Excerpted records:

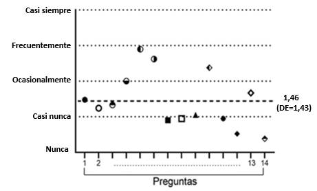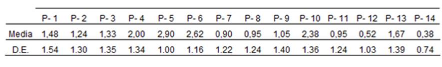 En cuanto a la calidad de vida, el cuestionario OHIP-14 brindó la siguiente información: los participantes presentaron un nivel de afectación en la calidad de vida de 1,46 (desvío estándar de 1,43) en promedio (Figura 1), siendo la puntuación mínima de 0,38 y la máxima de 2,90 (Tabla 2). La escala va de 0 al 4, donde 4 es la máxima afectación, significando que existe afectación en la calidad de vida de los pacientes con enfermedad periodontal.
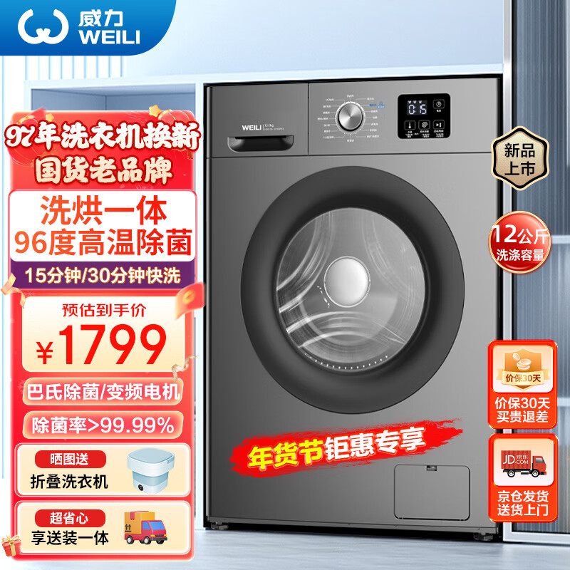 威力(WEILI)滚筒洗衣机全自动 12KG变频大容量洗烘一体 祛味空气洗蒸汽除菌 BLDC节能电机 XQG120-1216DPHX价格:1799.00元!
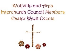 • 1pm- Ecumenical Service follows at Wolfville Baptist Church. All are welcome to join in the walk and Ecumenical Worship service. The S&B will provide hot cross buns and refreshments.
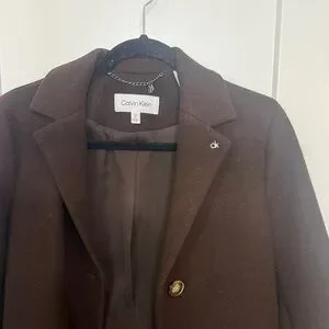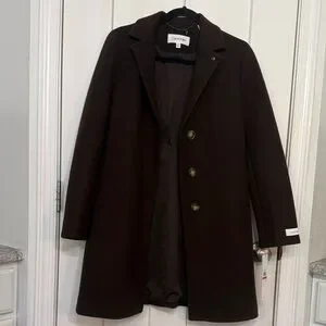 Calvin Klein single breasted overcoat in rich chocolate brown. Features a sleek design with 3 button closure. Extra button included. Brand new with tags.
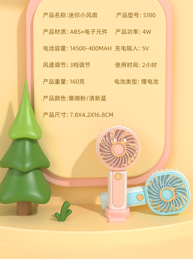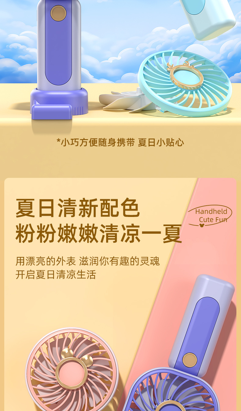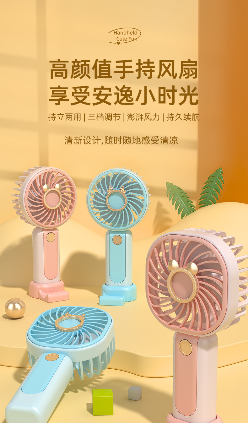 跨境新款手持风扇USB充电式带底座学生户外便携式迷你小风扇礼品
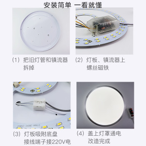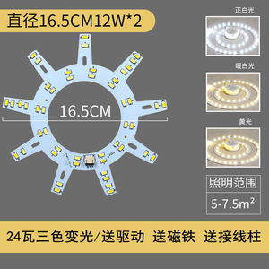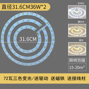 led吸灯灯板灯盘圆形替换灯芯灯带灯条H型灯管三色变光遥控风扇灯
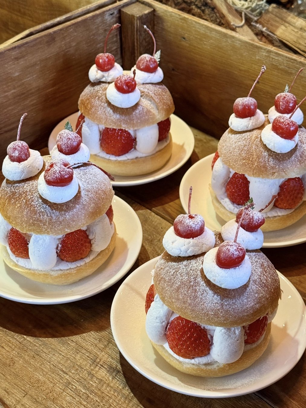 Round, soft buns split in half, filled generously with whipped cream and fresh strawberries, topped with powdered sugar and cherries. They look like miniature celebration cakes more than simple bread.
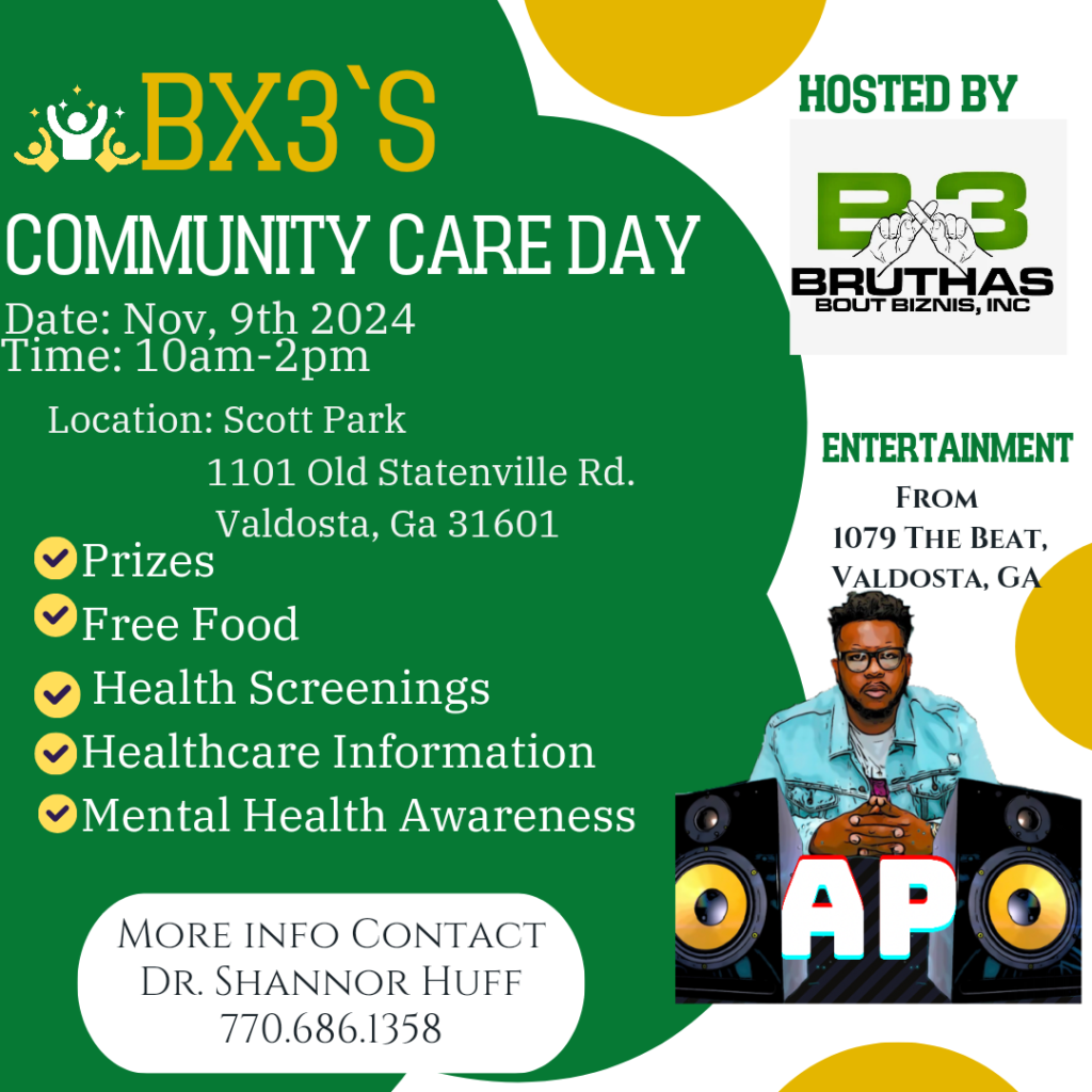 The BX3 Bruthas Bout Biznis, Inc. will host Community Care Day on Saturday, November 9, 2024 from 10 am until 2 pm at Scott Park located at 1101 Old Statenville Road in Valdosta.
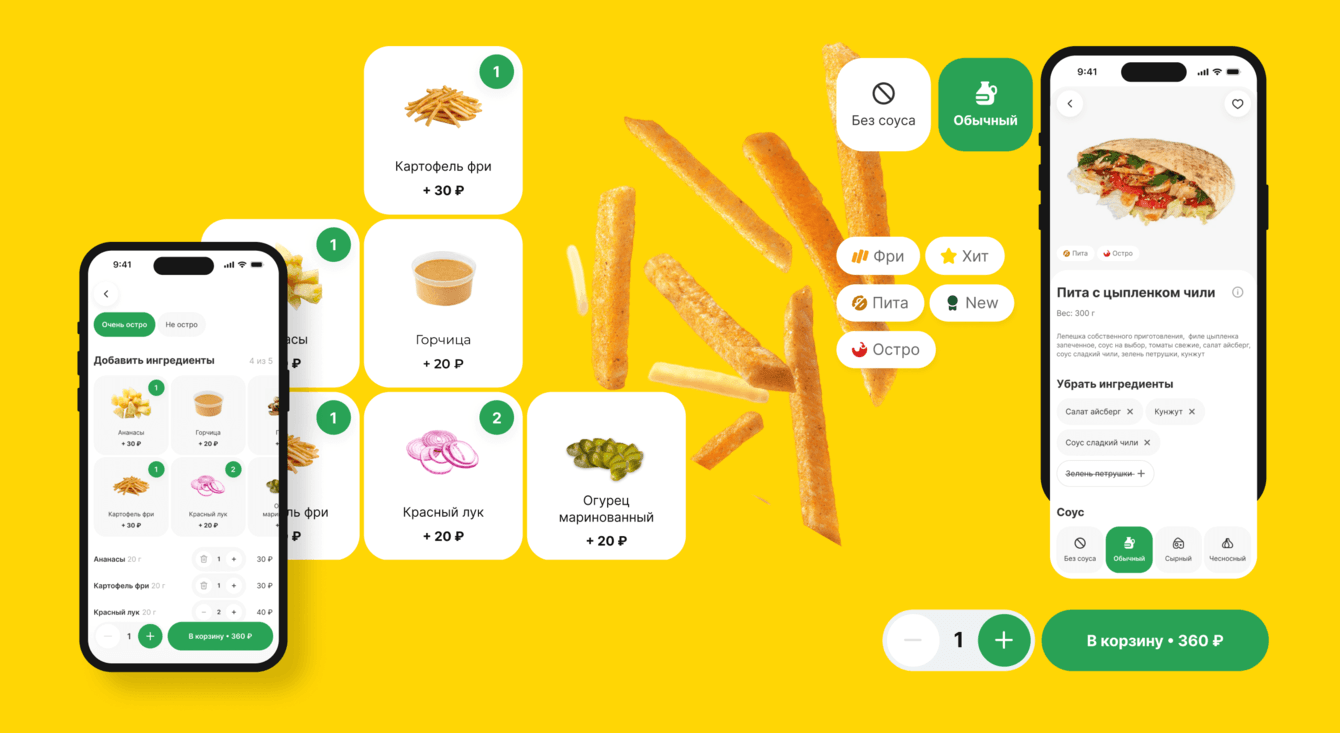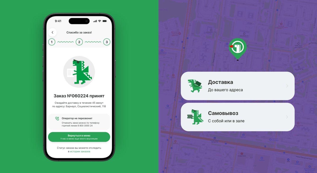 Совместно мы работали не только над тем, чтобы пользователь мог быстро утолить голод, но и над тем, чтобы взаимодействие было по- настоящему удобным, простым и приятным. Положительные отзывы в сторах подтвердили успех.
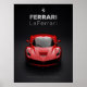 Celebrate the pinnacle of Italian automotive engineering with this stunning Ferrari LaFerrari poster. Featuring a striking front-view composition of the iconic red hypercar against a sleek dark background, this design perfectly captures the aggressive aerodynamics and legendary status of Ferrari's flagship model. The clean, modern layout includes key performance specifications, highlighting the car's breathtaking acceleration and top speed.

Work instructions: Everything in the listing should be repeated exactly except the pictures.

Solution for this problem:
 En cuanto a la calidad de vida, el cuestionario OHIP-14 brindó la siguiente información: los participantes presentaron un nivel de afectación en la calidad de vida de 1,46 (desvío estándar de 1,43) en promedio (Figura 1), siendo la puntuación mínima de 0,38 y la máxima de 2,90 (Tabla 2). La escala va de 0 al 4, donde 4 es la máxima afectación, significando que existe afectación en la calidad de vida de los pacientes con enfermedad periodontal.
 威力(WEILI)滚筒洗衣机全自动 12KG变频大容量洗烘一体 祛味空气洗蒸汽除菌 BLDC节能电机 XQG120-1216DPHX价格:1799.00元!
 • 1pm- Ecumenical Service follows at Wolfville Baptist Church. All are welcome to join in the walk and Ecumenical Worship service. The S&B will provide hot cross buns and refreshments.
 Calvin Klein single breasted overcoat in rich chocolate brown. Features a sleek design with 3 button closure. Extra button included. Brand new with tags.
 跨境新款手持风扇USB充电式带底座学生户外便携式迷你小风扇礼品
 led吸灯灯板灯盘圆形替换灯芯灯带灯条H型灯管三色变光遥控风扇灯
 Round, soft buns split in half, filled generously with whipped cream and fresh strawberries, topped with powdered sugar and cherries. They look like miniature celebration cakes more than simple bread.
 The BX3 Bruthas Bout Biznis, Inc. will host Community Care Day on Saturday, November 9, 2024 from 10 am until 2 pm at Scott Park located at 1101 Old Statenville Road in Valdosta.
 Совместно мы работали не только над тем, чтобы пользователь мог быстро утолить голод, но и над тем, чтобы взаимодействие было по- настоящему удобным, простым и приятным. Положительные отзывы в сторах подтвердили успех.
 Celebrate the pinnacle of Italian automotive engineering with this stunning Ferrari LaFerrari poster. Featuring a striking front-view composition of the iconic red hypercar against a sleek dark background, this design perfectly captures the aggressive aerodynamics and legendary status of Ferrari's flagship model. The clean, modern layout includes key performance specifications, highlighting the car's breathtaking acceleration and top speed.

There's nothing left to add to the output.